I face darkness, complete and utter darkness. My left cheek feels frozen and the rest of my left side feels stiff. Slowly I allow my eyelids to slide open to reveal my white kitchen tile in my face. The white spotlight from the sun streaming in through open blinds pains my eyes. While I push my stiff body up I blink numerous times, trying to rid the spots from my vision.

A half empty tub of ice-cream sits at my feet. The contents are now melted into a thick glossy surface. Smudges of the multi-colored luxury paint the tiles in various sized puddles. A picture of Austin and I -my favorite- is clutched tightly in my right hand. His face stares at me, taunting me with what used to be. What used to be a warm body, a glamorous face, a wonderful person that would sit next to me, is no longer there. All that's left is empty space.

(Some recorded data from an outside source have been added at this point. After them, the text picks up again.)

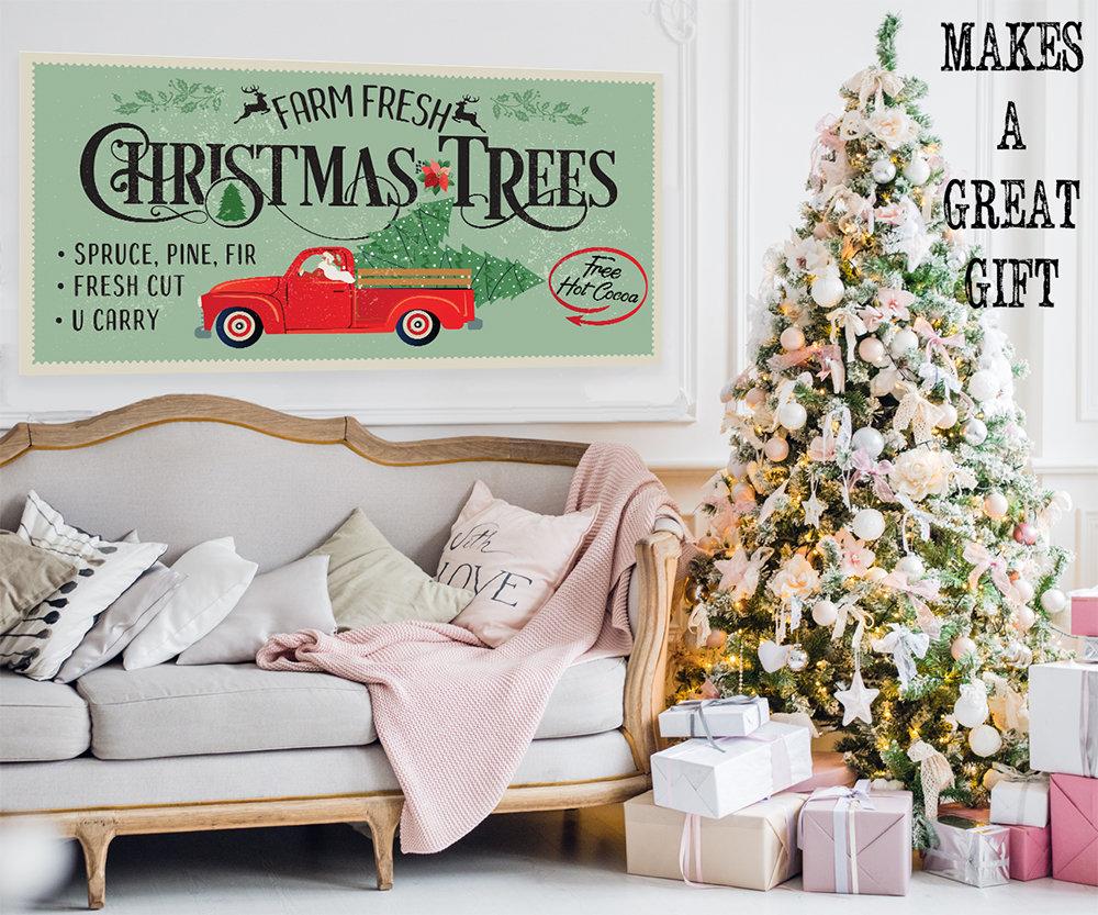 Farm Fresh Christmas Trees - Large Canvas Wall Art - Stretched on a Heavy Wood Frame - Ready to Hang - Above a Couch and Headboard Decor-Great Christmas Decor and Gift
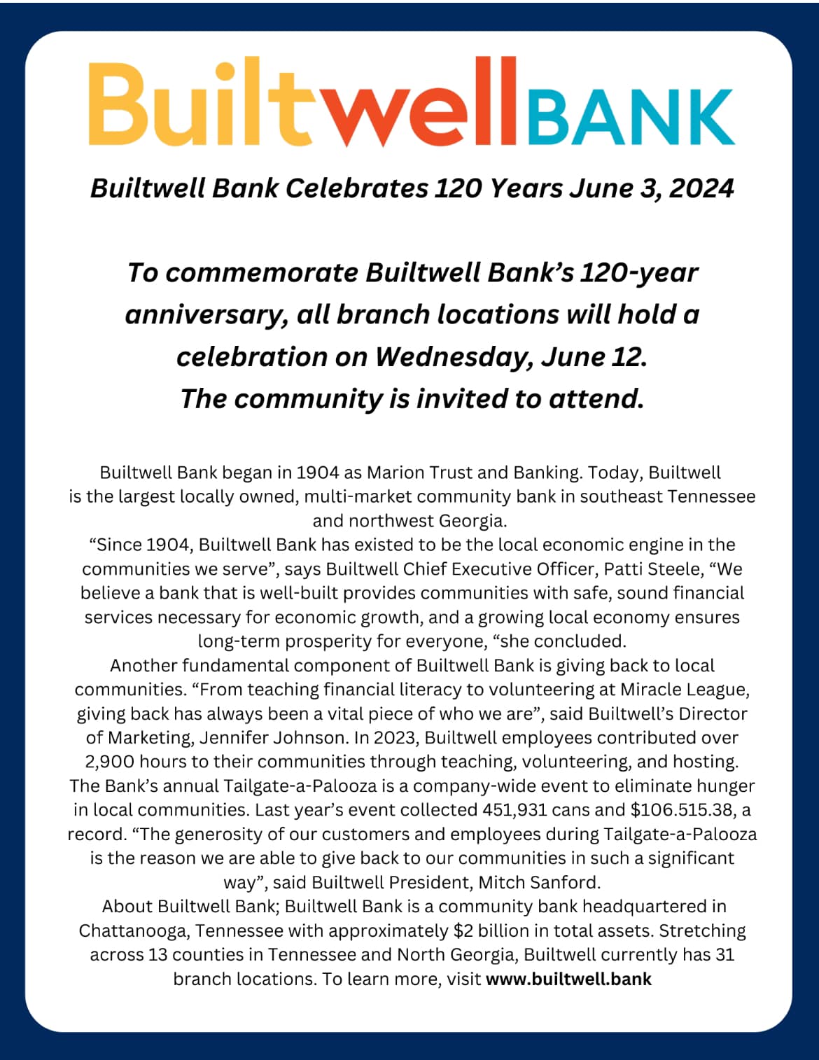 Builtwell Bank began in 1904 as Marion Trust and Banking. Today, Builtwell is the largest locally owned, multi market community bank in SE Tennessee and northwest Georgia.
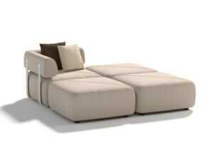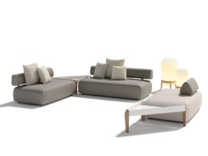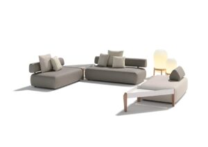 Lorenza Bozzoli, die sich als Modedesignerin einen Namen gemacht hat, bevor sie sich der Möbelbranche zuwandte, liess sich von ihrem textilen Hintergrund inspirieren und arbeitete eng mit italienischen Polstermeistern zusammen, um Module von aussergewöhnlichem Komfort und Qualität zu entwickeln. „Das Fachwissen dieser Handwerksmeister in Kombination mit meiner eigenen Erfahrung in der Modebranche hat zu einem neuen Standard für gepolsterte Aussenmöbel geführt“, sagt sie.
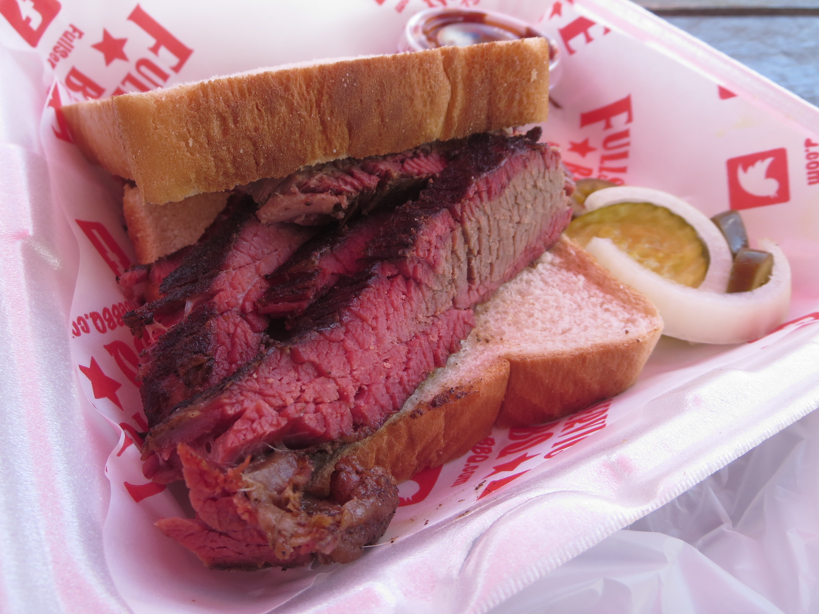 Monk: Fair point…Speedy recalled that Full Service BBQ had been mentioned in Johnny Fugitt’s book The 100 Best Barbecue Restaurants in America, listed as part of the other 75 (though he, like Grant, went to the Maryville location). And when I went back to the book, I realized that the brisket was #3 on his list of “10 Best Briskets Outside of Texas (better than 99% in Texas)” (FYI Midwood Smokehouse which was #6 on the list). That might be a bit high for me, but it was a good brisket nonetheless.
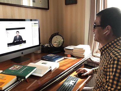 (李建中教授正在家中给学生上网课,图片由其本人提供)
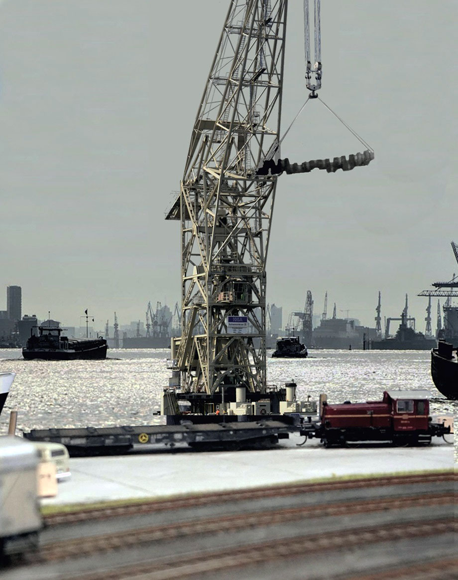 Während der Wagen mit der Kurbelwelle noch rangierte, und den Kaianlagen zugeführt wurde, näherte sich aus Südosten der Schwimmkran HHLA III.

With a feeble sigh I run my fingers through my tousled hair, the knots and mats infesting it acts as snares to my running fingers. Painfully, I yank my fingers out of the hopeless tangles covering my head. My yelp of pain goes unheard by any nearby. No blonde comes running up to me, questioning my health, and if it hurts. Funny how you can take the pestering nagging of concern for granted.

My muscles ache as I push myself from the chilling tile flooring. As soon as I'm up, I roll my shoulders in attempt to ease some of its stiffness. However, standing stationary proves to be my down fall.

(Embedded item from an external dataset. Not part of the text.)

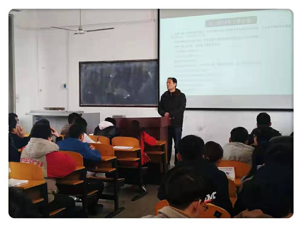 会议伊始,团总支副书记李润鑫就2018年团总支开展的各项工作进行了汇报,回顾了上个学期团总支举办的各项活动,记录了团总支的成长与进步。并展望规划了2019年团总支主要工作及活动。有总结才会有进步,成绩只会停留在过去,新的一年我们将要迎接新的工作,新的挑战。接着邢老师安排本周及近期的工作。最后由郭书记讲话,郭书记首先对辛勤付出、努力工作的学生干部们给予了充分的肯定与赞赏,并希望在新的学期里,学生干部们能以更好的心态与干劲投身于本学期的工作当中去。希望我院的团总支能越做越好,打造出属于自己的品牌。让我们共同演绎自己的青春,一步一步走向成功!
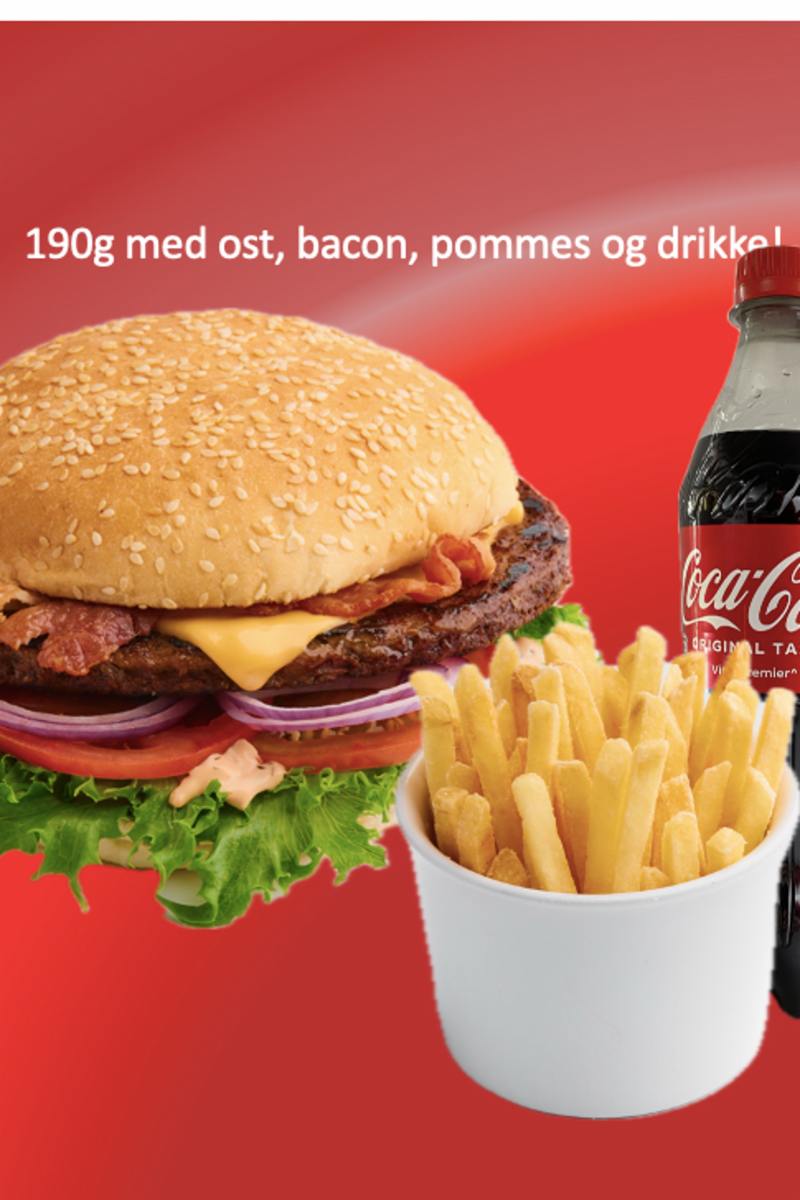 190g hamburger, pommes frites og drikke! Standard tilbehør: Salat, dressing, tomat og løk. Allergener: egg, sennep, sesamfrø. Kan innhold melk, nøtter, soya og selleri

For the past month I've restrained myself from calling Trish or Dez and asking about their lives, actually, about Austin's. And it's not like I don't care about their accomplishments in the past month, but I've got Austin looming above my head; it makes a clear and focused thought incapable. And now, I'm face to face with my cell phone. Contently it lays on the cleared counter, pulling me by a rope to it.

I find myself watching my actions as if I'm a by-stander. Once my fingers unlock my screen, I'm dialing Trish's number in record time. Finding myself listening nervously with the dial tone, I panic. Just as I'm about slam the end box, I hear her voice. Trish Delarosa sends her greeting, "Hello." She states, a bubbly tone helping her, currently, friendly voice.

I clear my throat quickly, hoping it doesn't sound scratchy. "Hey." I reply into the receiver, hoping she recognizes my voice.

She does.

"Ally!" She screams happily, her voice so loud in my ear I end up juggling the phone in my hand. "Oh my gosh, how have you been? How's Miami? Does Mr. Dawson miss me yet? Did you get any rain last week? How's the beach? Are you still living in the condo? Have you been crying, it sounds like you've been crying?"

All of Trish's questions come out in a rush river of words. They melt together, and I can barely figure out what she said most of the time. I laugh at her questions and answer them one by one. "I'm fine. Miami's great. He misses you in his own special way. No, it didn't rain." I pause quickly. "What would make you think it rained?"

"I don't know, just thought it might." She answers. Even over the phone I can practically hear the shrug of her shoulders.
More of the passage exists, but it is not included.